Imagining an Alternative Workforce Structure for the Accounting Talent Shortage
BusinessIn 2025, Jobs and Skills Australia added tax accountants and external auditors to the country’s Occupation Shortage List—a move consistent with Chartered Accountants Australia and New Zealand’s earlier findings of accountant shortages across states and territories.
The pipeline of critical accounting talent continues to decline even as demand for the same is projected to rise to approximately 28,000 by 2029. That’s three years from this time of writing.
To meet that number, government and industry bodies must pursue targeted investments in education and policies to both support skill development and lower barriers to entry. But even those could take years to yield the qualified professionals businesses needed yesterday. There lies the challenge: How should firms structure their workforce in the meantime to sustain operations
Rethinking Workforce Architecture
The traditional pyramid model pictured above assumes graduates want to climb their way up to partner. While that may be true for many, the scheme only works when the talent supply is healthy.
At the moment, junior accountants often end up spending years performing data entry and reconciliation before touching advisory responsibilities. Mid-level staff get trapped in process management instead of developing strategic capabilities. And then we have partners, who carry heavy workloads because there aren’t enough seniors ready to take on client relationships.
In our view, the shortage of accountants in Australia is as much about championing the development of existing talent as it is about finding new hires. Firms must then address another question: How could they restructure the way work is distributed to pave faster pathways to senior capacity?
The Modern Diamond Model
At TOA Global, our more-than-a-decade-long work with accounting practices has allowed us to develop an approach that distributes work across three tiers based on expertise rather than tenure alone:
Partners: 100% Local
At the top of the diamond, partners remain focused on client relationships and practice leadership. They stay 100% local since their roles require deep market knowledge and the judgment that comes from years of industry experience.
Managers, Seniors, and Intermediates: 70/30 Local-Offshore Mix
The middle tier is a split: the 70% local portion focuses on technical reviews, client-facing advisory, and team leadership. The 30% offshore, on the other hand, handles compliance work and quality assurance tasks that require accounting expertise but may not necessarily demand local presence.
Tech + Offshore: Foundational Tier
The combination of tech automation with offshore capacity at the bottom of the diamond can serve high-volume, process-driven work well. That includes bookkeeping, data entry, document management, and initial reconciliations.
This layer provides capacity that doesn’t compete for scarce local talent and doesn't create bottlenecks during busy seasons.
How the Model Accelerates Careers
The diamond talent model aims to remove common bottlenecks in career progression. When graduate accountants aren’t spending their entire time on data entry, they can begin engaging with client-facing work earlier in their tenure.
Similarly, mid-level accountants who manage offshore colleagues and coordinate workflows across distributed teams can develop the leadership skills and eye for judgment they’ll need as senior leaders.

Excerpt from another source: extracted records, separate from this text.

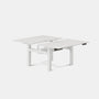 Timeless design is complemented by robust construction in the Double Standing Desk, featuring two separate tabletops on a fully-integrated base. With dual motors and three-stage lift columns, transitioning between sitting and standing is effortless, encouraging you and your team to stay active throughout the day. The desk also includes four memory presets at each tabletop, making it easy to set and save preferred heights for multiple teammates. Additionally, its central power console can be connected to other units, allowing them to be chained together for even more workspace.
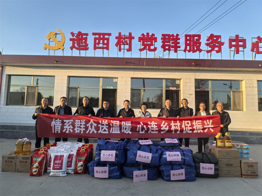 会后,校领导向村民捐赠慰问品,并与全体工作队员合影留念。
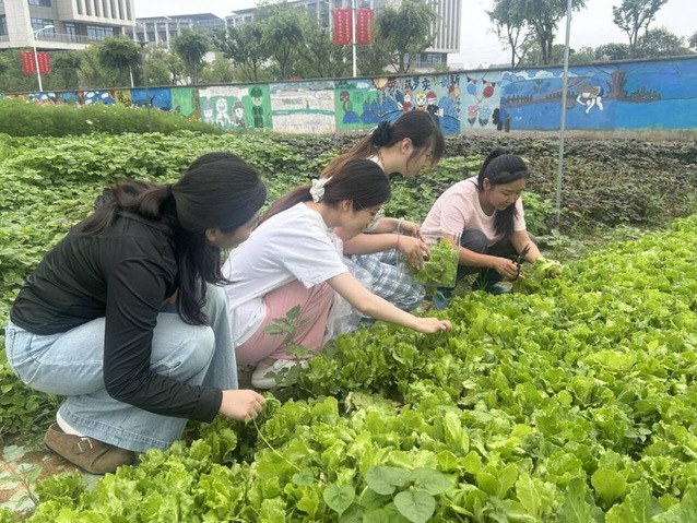 蒹葭菜园里,向日葵和格桑花开得格外烂漫。茄子在枝叶间泛着紫光,生菜像绿宝石铺满畦垄。同学们提着篮子,在老师的引导下采摘当季蔬菜。黄瓜、茄子、生菜被收入篮中,藤蔓间的清脆声响与欢笑声交织成歌。同学们还将摘下的向日葵逐一包成花束,金黄的花盘朝着骄阳,如同毕业生们灿烂的笑脸。捧着向日葵,同学们在菜园合影,定格下这方土地孕育的生机与希望。
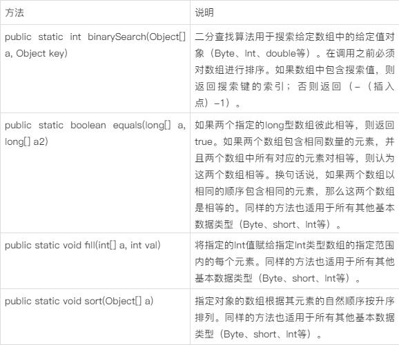④ 查找数组元素:可以使用binarySearch方法对数组进行二分查找法操作。
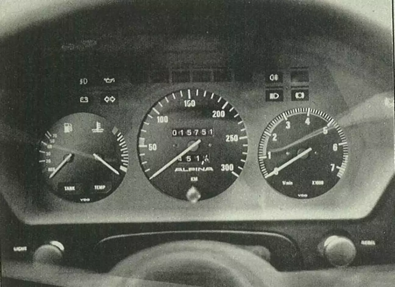 Что касается оснащения купе B9, то оно соответствует BMW 635 CSi и дополнительно включает спортивные сиденья Recaro с хорошим профилем (по желанию в дизайне с полосами), подставку для отдыха левой ноги и тахометр Alpina, размеченный — в данном случае излишне — до 300 км/ч.
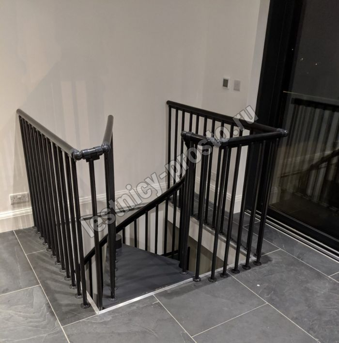 Ступени лестницы изготовлены из бука по технологии MULTIPLEX и покрыты износостойким защитным лаком. Лестница монтируется как по часовой стрелке, так и против. Возможен монтаж в круглый или квадратный проём. Ограждение: стальные трубки, Ø25 мм RAL 7016. Поручень: гибкий цельный ПВХ-поручень Ø40 мм антрацитового цвета. Конструкция и балюстрада окрашены порошковым способом в антрацитовый цвет (RAL 7016).
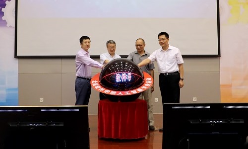 北航副校长黄海军,中国工程院院士、欧亚科学院院士、中国人工智能学会理事长李德毅,中国电子信息产业发展研究院院长卢山,百度公司副总裁王海峰,共同开启了北航软件学院人工智能专业方向
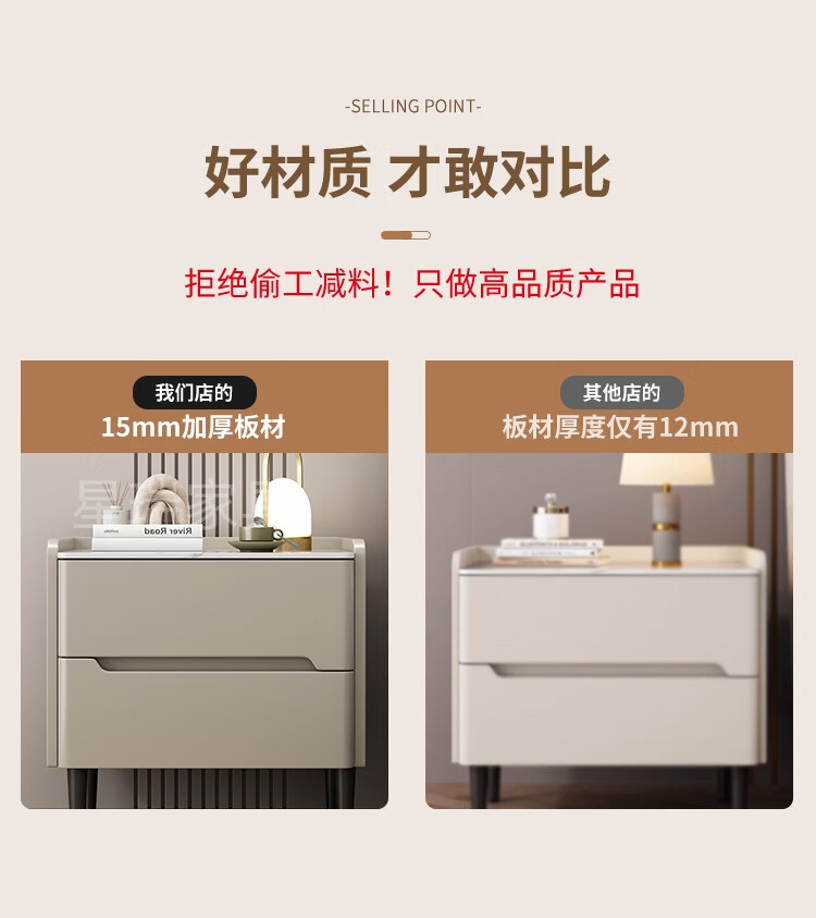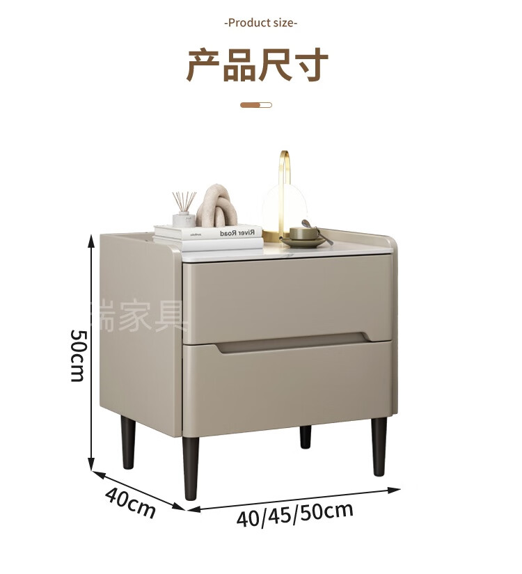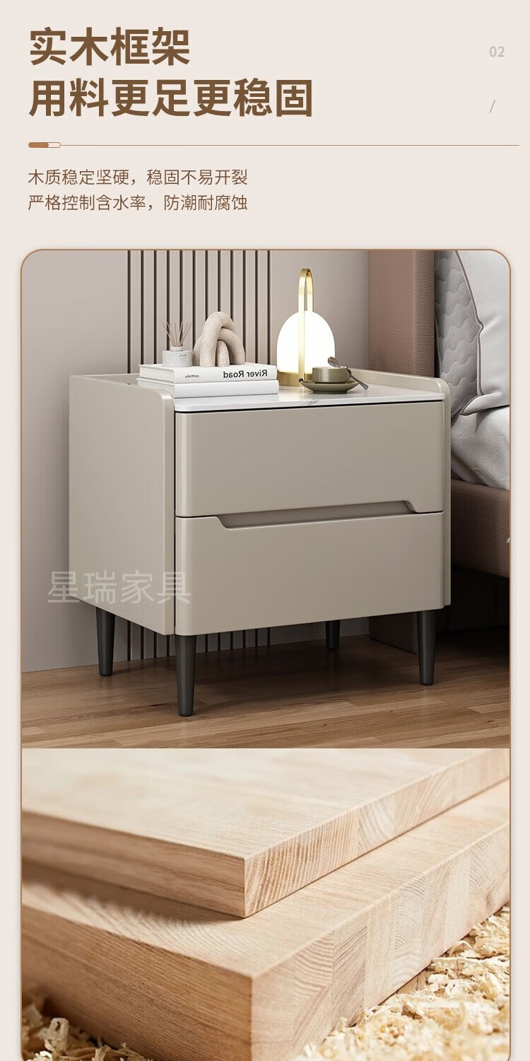 Komplett aus Massivholz lackierter Nachttisch, heller luxuriöser Schiefer-Aufbewahrungsschrank, Schlafzimmer, einfacher moderner Nachttisch, kleiner Wohnungs-Aufbewahrungsschrank, Khaki-Farbe (umweltfreundliches und geruchloses Lackierverfahren auf Wasserbasis), 50 x 40 x 50 cm
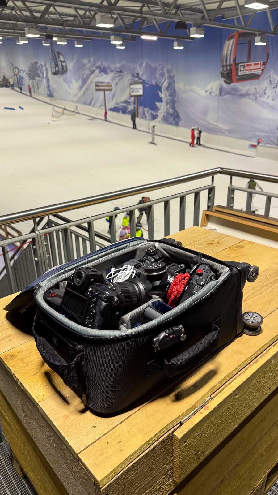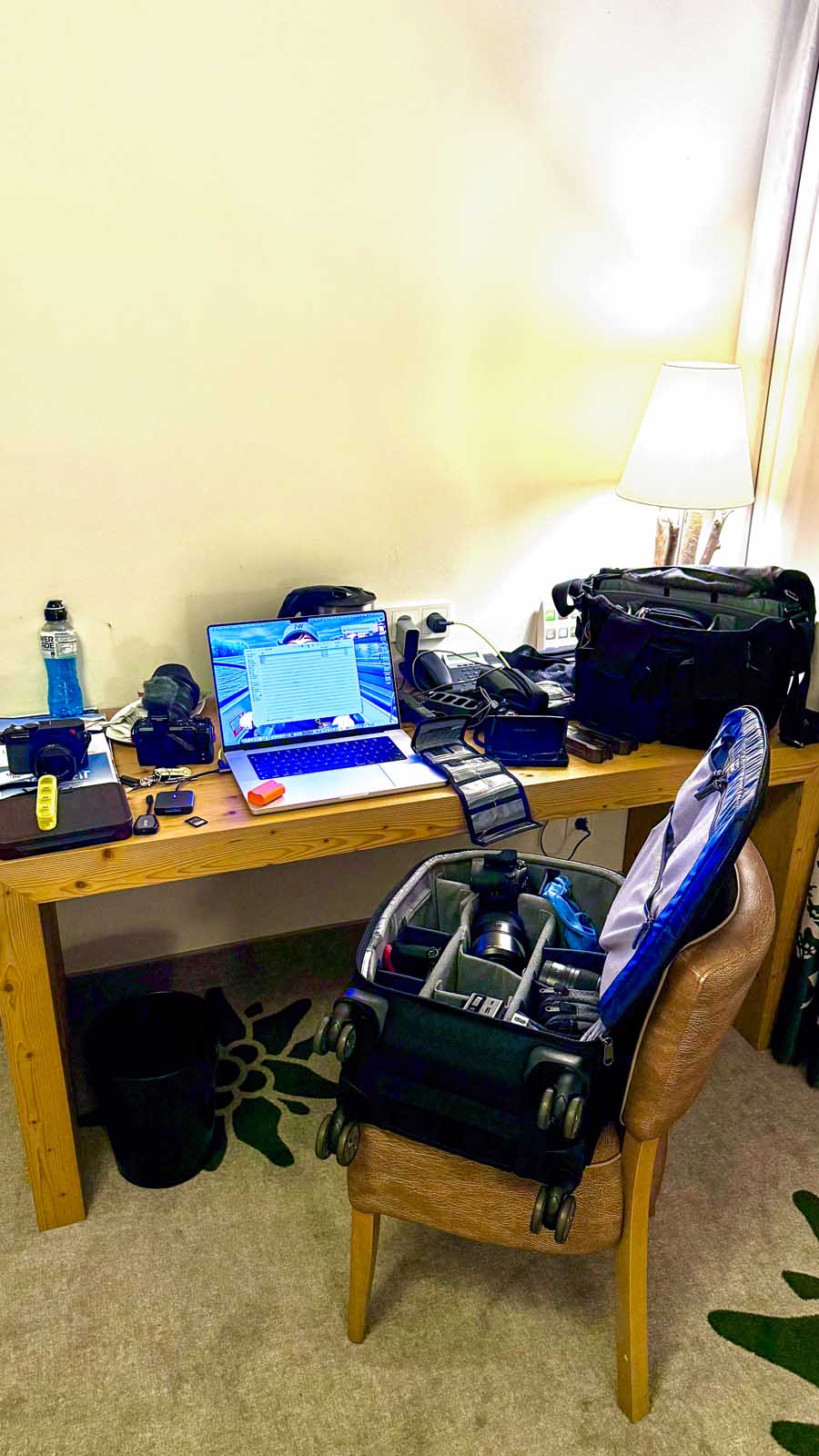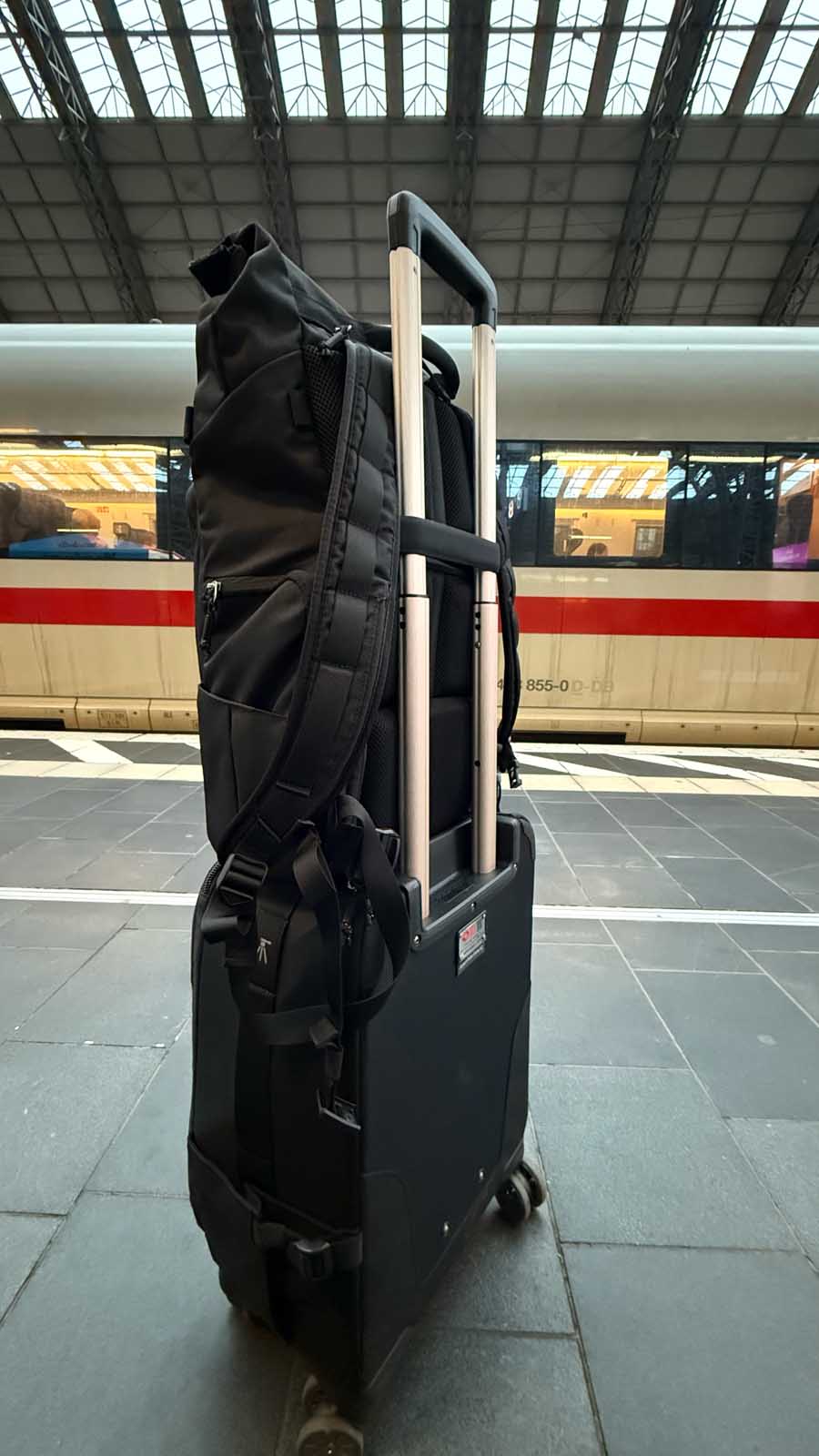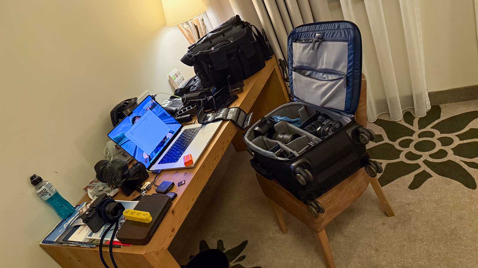 Mehrere Kamerabodys, große Zooms, Akkus, Ladegeräte, Audio-Equipment, Licht, Laptop, Tablet – und das Ganze über mehrere Tage, in Hotels, Konferenzzentren, Bahnhöfen und Eventlocations.

And for highly experienced accountants, the model is about protecting capacity. With compliance tasks managed at the foundational tier, senior talent can focus on higher-value advisory and client relationship building—work that tends to keep them engaged in the profession longer.
The Two-Office Strategy
Ultimately, the career progression promised by the diamond model hinges on how well global team members are integrated into your practice. We call this the two-office strategy.
In practice, it means shared tech platforms, real-time collaboration tools, same quality standards, and regular communication cadence across time zones. The goal is for offshore accounting teams to function as an extension of your in-house capability. They’re the same team but in a different location.
Bridging the Present to Long-Term Solutions
The accounting talent shortage requires action at multiple levels across education, immigration reform, and retention programs. These changes are non-negotiable if we are to rebuild the pipeline over the long term.
However, practices don’t have the bandwidth to wait for these solutions to mature. They need to continue serving clients and pursuing growth while simultaneously advocating for the career development of existing teams. That is to say, turning graduates into senior advisors and keeping experienced practitioners in the profession longer by protecting them from burnout.
What we’ve found is that the diamond model can support this need. Fundamentally, it’s about matching the right work to the right capability level, which should render it effective even as talent supply conditions eventually improve.